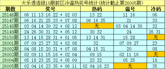 大乐透第25146期-第26005期前区奖号冷温热分布统计:
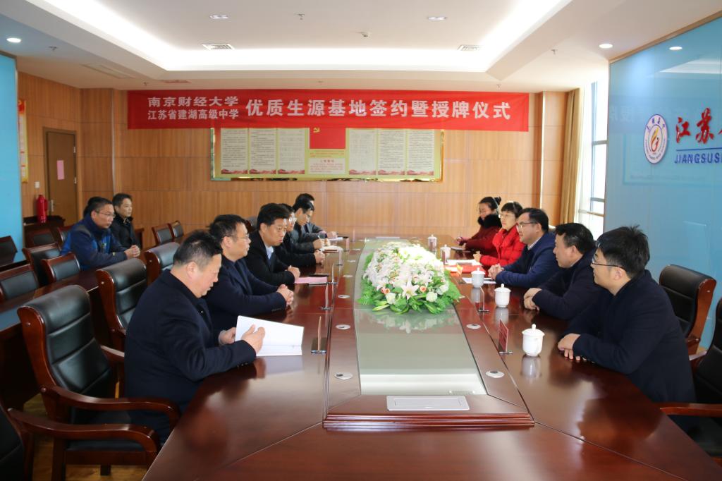 刘浩书记介绍了我校的在人才培养、师资力量、学科设置、科研水平等方面的整体情况,对江苏省建湖高级中学为我校输送大量优质生源表示感谢,希望双方进一步加强合作,共促发展。
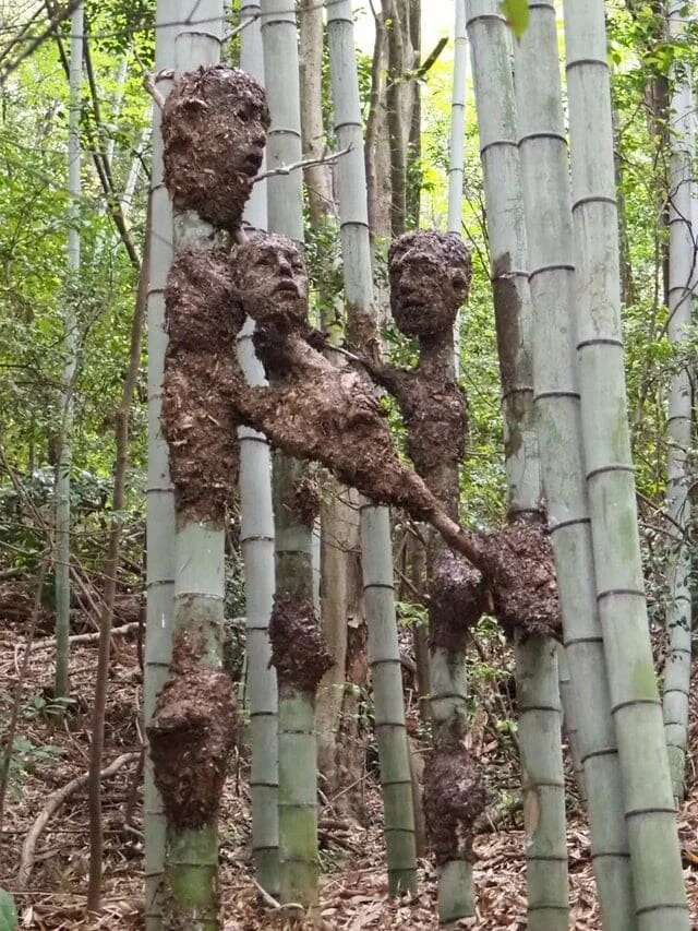 Пытаясь выяснить, что это за дичь, комментаторы предположили, что, возможно, кто-то повесил головы кукол или манекенов, а осы свили там гнёзда.
■ ■ ■
● Task brief
Leave the pictures out and transcribe the remaining material exactly.

● Output of the exercise
 大乐透第25146期-第26005期前区奖号冷温热分布统计:
 刘浩书记介绍了我校的在人才培养、师资力量、学科设置、科研水平等方面的整体情况,对江苏省建湖高级中学为我校输送大量优质生源表示感谢,希望双方进一步加强合作,共促发展。
 Пытаясь выяснить, что это за дичь, комментаторы предположили, что, возможно, кто-то повесил головы кукол или манекенов, а осы свили там гнёзда.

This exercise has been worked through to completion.